(Data items)
--- START ---

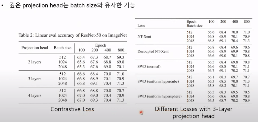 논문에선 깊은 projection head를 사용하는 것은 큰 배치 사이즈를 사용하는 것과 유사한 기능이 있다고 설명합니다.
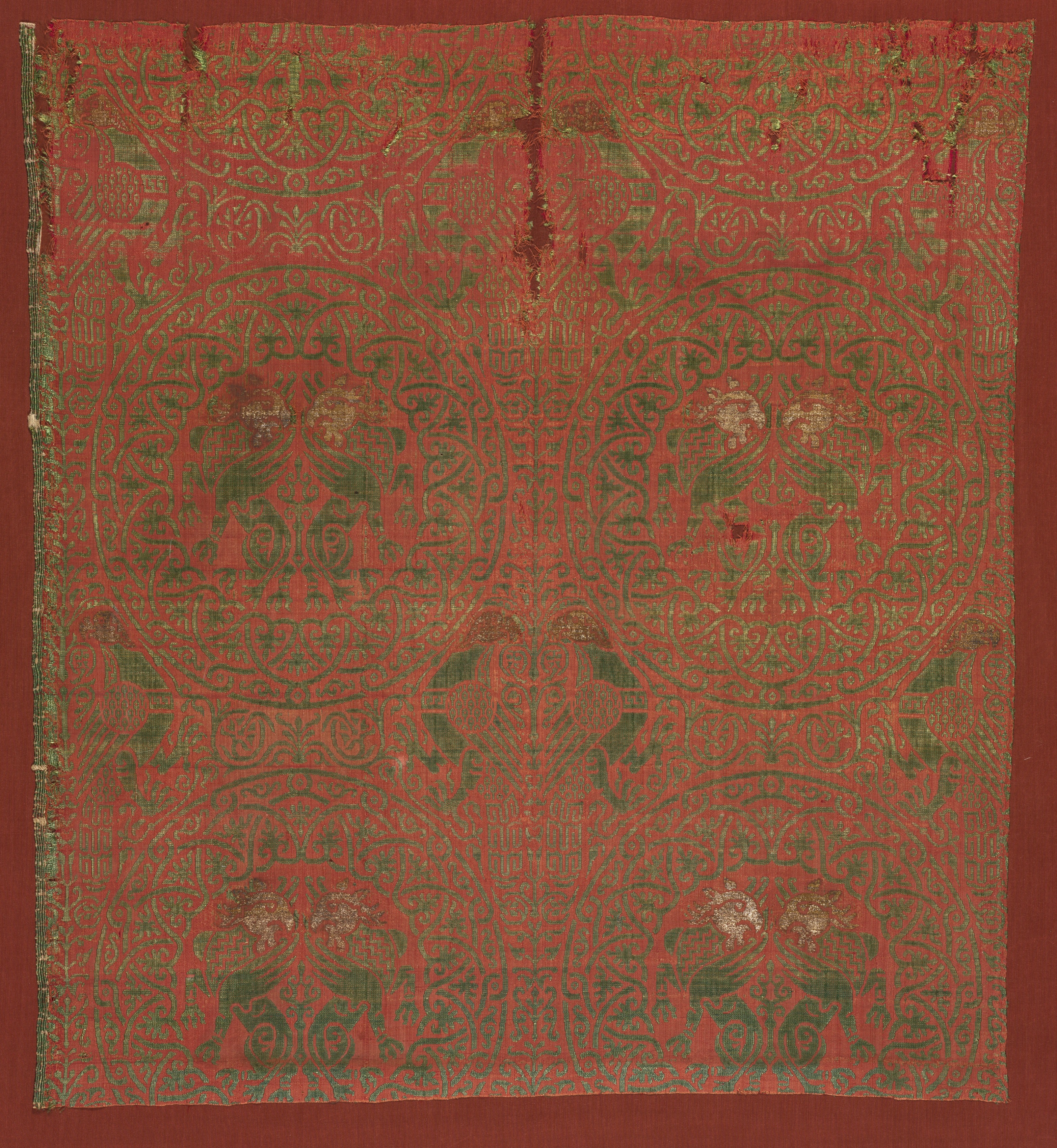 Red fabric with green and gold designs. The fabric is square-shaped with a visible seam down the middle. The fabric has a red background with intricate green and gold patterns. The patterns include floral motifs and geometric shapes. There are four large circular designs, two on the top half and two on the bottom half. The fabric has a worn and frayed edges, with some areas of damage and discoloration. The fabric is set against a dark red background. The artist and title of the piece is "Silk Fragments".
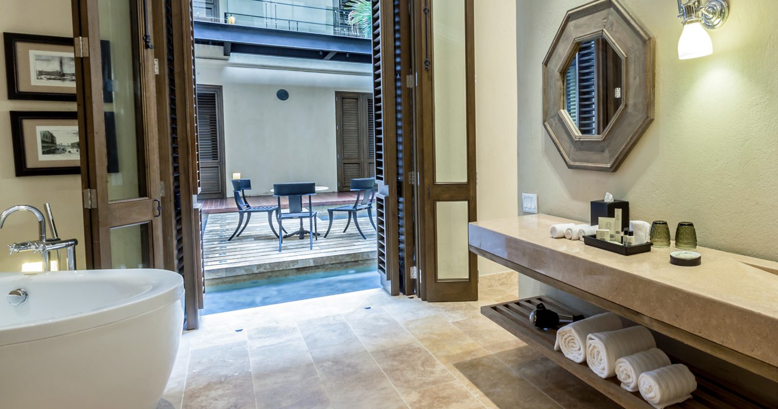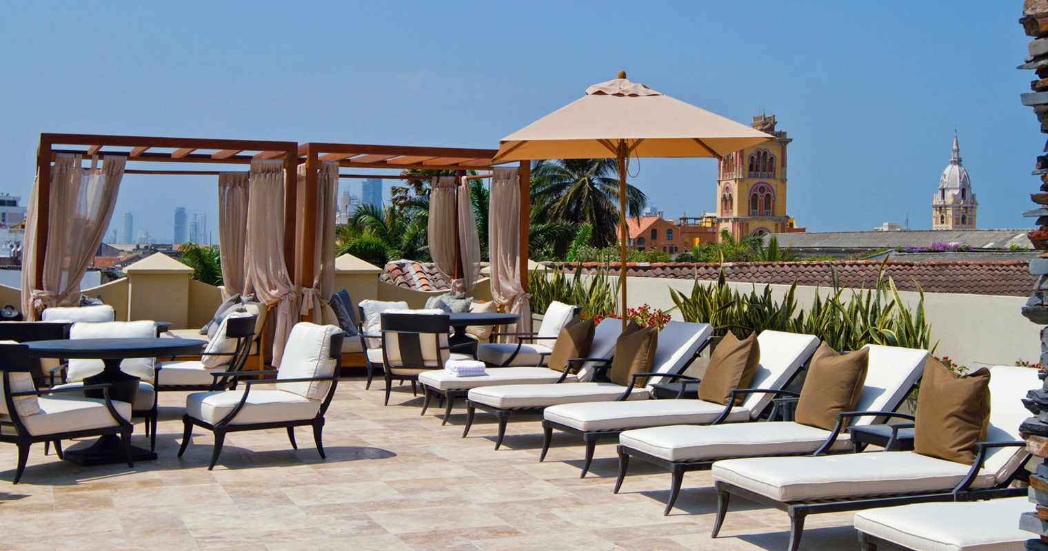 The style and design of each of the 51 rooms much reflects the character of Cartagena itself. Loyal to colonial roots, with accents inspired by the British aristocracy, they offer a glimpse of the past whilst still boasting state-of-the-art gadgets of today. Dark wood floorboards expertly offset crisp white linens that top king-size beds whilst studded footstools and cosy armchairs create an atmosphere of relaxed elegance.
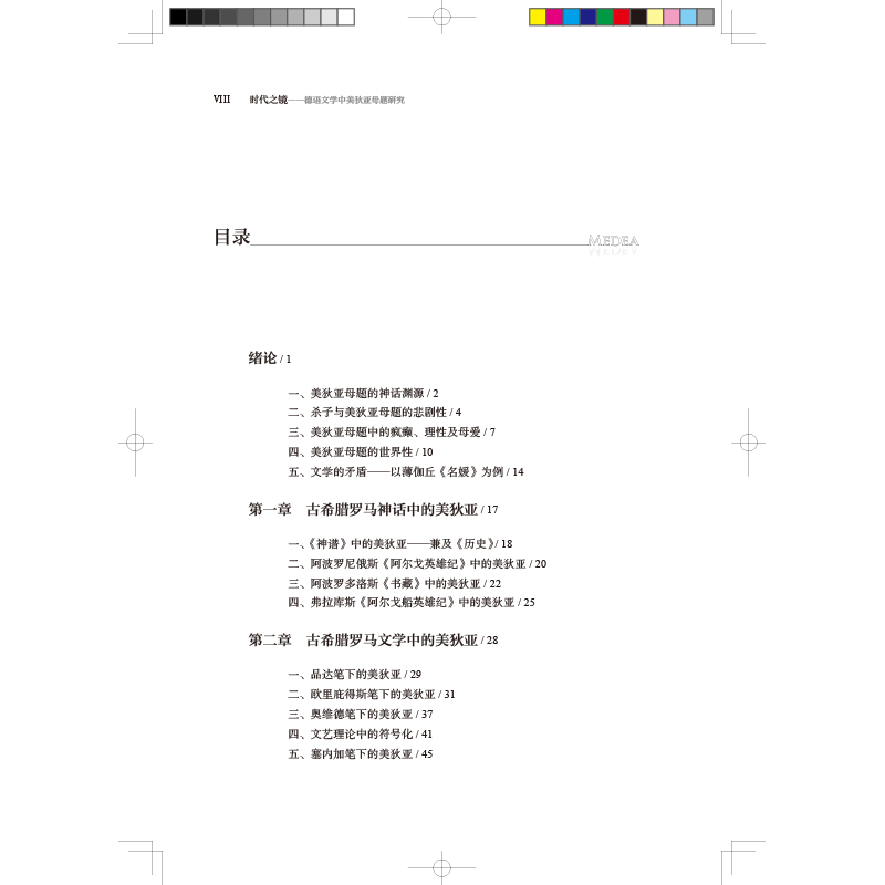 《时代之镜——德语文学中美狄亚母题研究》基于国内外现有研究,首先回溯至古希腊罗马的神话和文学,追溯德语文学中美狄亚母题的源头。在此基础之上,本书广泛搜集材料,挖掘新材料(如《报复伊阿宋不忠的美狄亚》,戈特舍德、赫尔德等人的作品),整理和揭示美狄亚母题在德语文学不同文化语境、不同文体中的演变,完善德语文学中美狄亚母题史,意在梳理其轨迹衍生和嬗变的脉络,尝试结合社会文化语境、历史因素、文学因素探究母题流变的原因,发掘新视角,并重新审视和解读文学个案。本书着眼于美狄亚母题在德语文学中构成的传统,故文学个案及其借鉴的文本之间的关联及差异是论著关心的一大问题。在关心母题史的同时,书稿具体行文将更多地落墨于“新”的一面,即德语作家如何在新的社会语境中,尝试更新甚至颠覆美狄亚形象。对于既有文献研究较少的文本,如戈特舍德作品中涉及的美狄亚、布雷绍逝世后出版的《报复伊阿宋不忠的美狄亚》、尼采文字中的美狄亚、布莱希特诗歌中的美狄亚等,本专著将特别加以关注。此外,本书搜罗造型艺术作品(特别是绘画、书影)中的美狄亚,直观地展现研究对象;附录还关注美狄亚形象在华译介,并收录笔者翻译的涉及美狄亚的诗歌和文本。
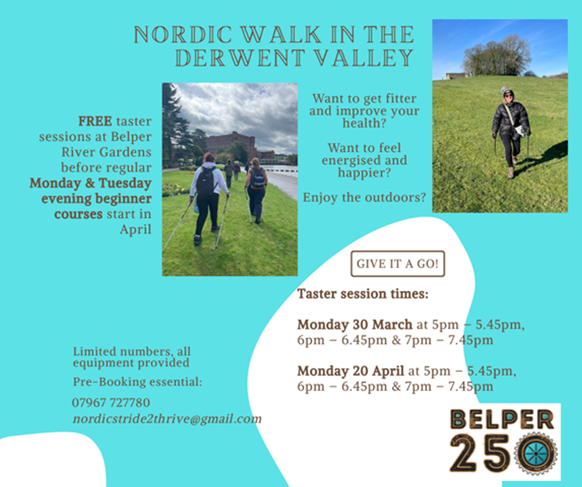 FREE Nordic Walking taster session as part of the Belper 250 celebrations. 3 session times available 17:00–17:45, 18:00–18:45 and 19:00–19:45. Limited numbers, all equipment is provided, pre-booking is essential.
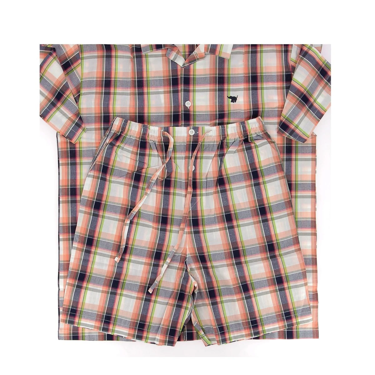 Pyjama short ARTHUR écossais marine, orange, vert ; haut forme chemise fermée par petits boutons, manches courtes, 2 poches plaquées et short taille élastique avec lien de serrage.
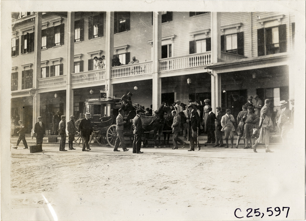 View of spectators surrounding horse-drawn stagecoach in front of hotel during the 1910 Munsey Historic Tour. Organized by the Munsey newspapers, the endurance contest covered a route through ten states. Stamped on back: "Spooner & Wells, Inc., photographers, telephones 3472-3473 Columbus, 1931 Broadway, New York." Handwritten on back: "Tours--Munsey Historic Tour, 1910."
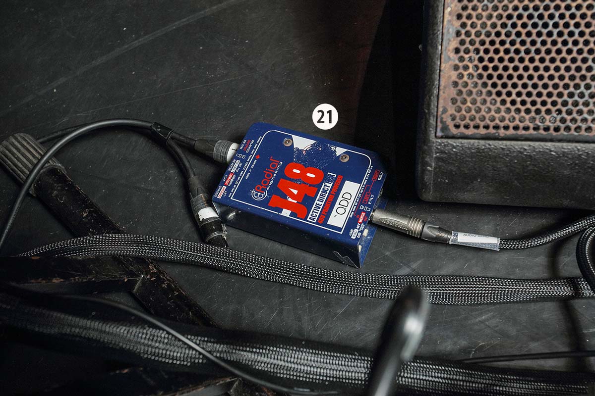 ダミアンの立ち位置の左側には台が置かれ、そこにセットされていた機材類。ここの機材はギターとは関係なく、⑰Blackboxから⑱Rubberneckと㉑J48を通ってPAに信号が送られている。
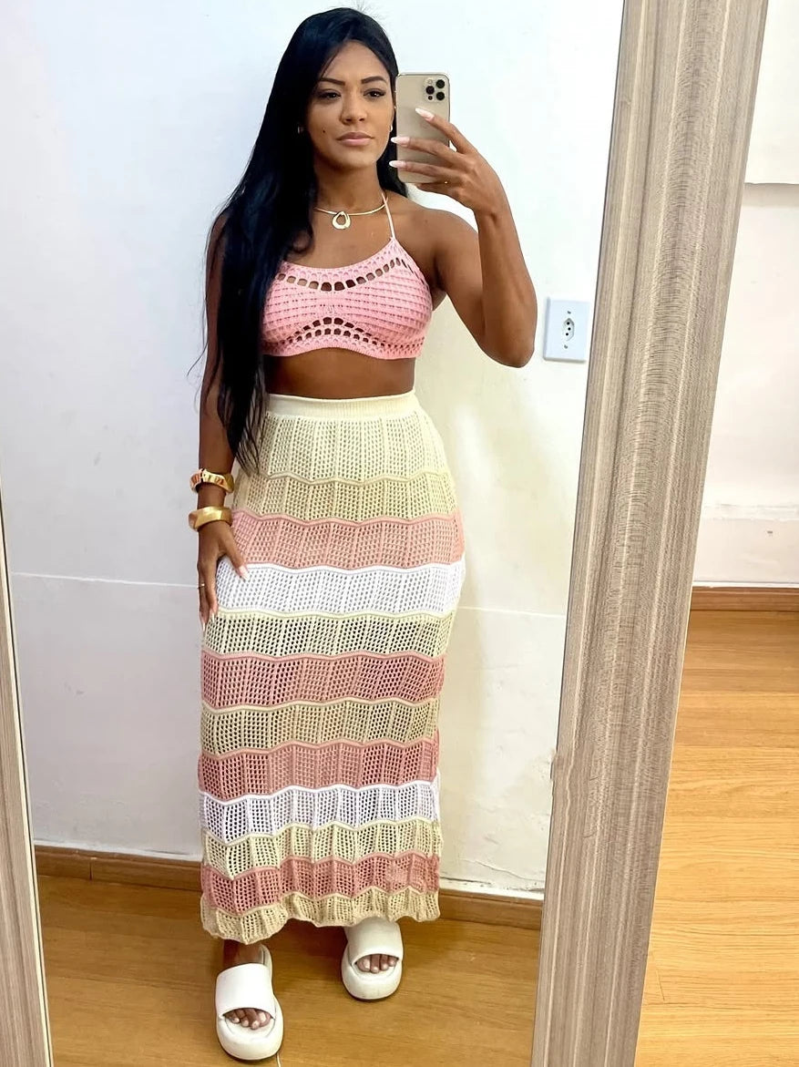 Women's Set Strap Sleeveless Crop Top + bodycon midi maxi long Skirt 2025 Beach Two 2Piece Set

--- END ---

_Assignment_
Without changing a word, retype the data above and omit its pictures.

_Exercise answer_
 논문에선 깊은 projection head를 사용하는 것은 큰 배치 사이즈를 사용하는 것과 유사한 기능이 있다고 설명합니다.
 Red fabric with green and gold designs. The fabric is square-shaped with a visible seam down the middle. The fabric has a red background with intricate green and gold patterns. The patterns include floral motifs and geometric shapes. There are four large circular designs, two on the top half and two on the bottom half. The fabric has a worn and frayed edges, with some areas of damage and discoloration. The fabric is set against a dark red background. The artist and title of the piece is "Silk Fragments".
 The style and design of each of the 51 rooms much reflects the character of Cartagena itself. Loyal to colonial roots, with accents inspired by the British aristocracy, they offer a glimpse of the past whilst still boasting state-of-the-art gadgets of today. Dark wood floorboards expertly offset crisp white linens that top king-size beds whilst studded footstools and cosy armchairs create an atmosphere of relaxed elegance.
 《时代之镜——德语文学中美狄亚母题研究》基于国内外现有研究,首先回溯至古希腊罗马的神话和文学,追溯德语文学中美狄亚母题的源头。在此基础之上,本书广泛搜集材料,挖掘新材料(如《报复伊阿宋不忠的美狄亚》,戈特舍德、赫尔德等人的作品),整理和揭示美狄亚母题在德语文学不同文化语境、不同文体中的演变,完善德语文学中美狄亚母题史,意在梳理其轨迹衍生和嬗变的脉络,尝试结合社会文化语境、历史因素、文学因素探究母题流变的原因,发掘新视角,并重新审视和解读文学个案。本书着眼于美狄亚母题在德语文学中构成的传统,故文学个案及其借鉴的文本之间的关联及差异是论著关心的一大问题。在关心母题史的同时,书稿具体行文将更多地落墨于“新”的一面,即德语作家如何在新的社会语境中,尝试更新甚至颠覆美狄亚形象。对于既有文献研究较少的文本,如戈特舍德作品中涉及的美狄亚、布雷绍逝世后出版的《报复伊阿宋不忠的美狄亚》、尼采文字中的美狄亚、布莱希特诗歌中的美狄亚等,本专著将特别加以关注。此外,本书搜罗造型艺术作品(特别是绘画、书影)中的美狄亚,直观地展现研究对象;附录还关注美狄亚形象在华译介,并收录笔者翻译的涉及美狄亚的诗歌和文本。
 FREE Nordic Walking taster session as part of the Belper 250 celebrations. 3 session times available 17:00–17:45, 18:00–18:45 and 19:00–19:45. Limited numbers, all equipment is provided, pre-booking is essential.
 Pyjama short ARTHUR écossais marine, orange, vert ; haut forme chemise fermée par petits boutons, manches courtes, 2 poches plaquées et short taille élastique avec lien de serrage.
 View of spectators surrounding horse-drawn stagecoach in front of hotel during the 1910 Munsey Historic Tour. Organized by the Munsey newspapers, the endurance contest covered a route through ten states. Stamped on back: "Spooner & Wells, Inc., photographers, telephones 3472-3473 Columbus, 1931 Broadway, New York." Handwritten on back: "Tours--Munsey Historic Tour, 1910."
 ダミアンの立ち位置の左側には台が置かれ、そこにセットされていた機材類。ここの機材はギターとは関係なく、⑰Blackboxから⑱Rubberneckと㉑J48を通ってPAに信号が送られている。
 Women's Set Strap Sleeveless Crop Top + bodycon midi maxi long Skirt 2025 Beach Two 2Piece Set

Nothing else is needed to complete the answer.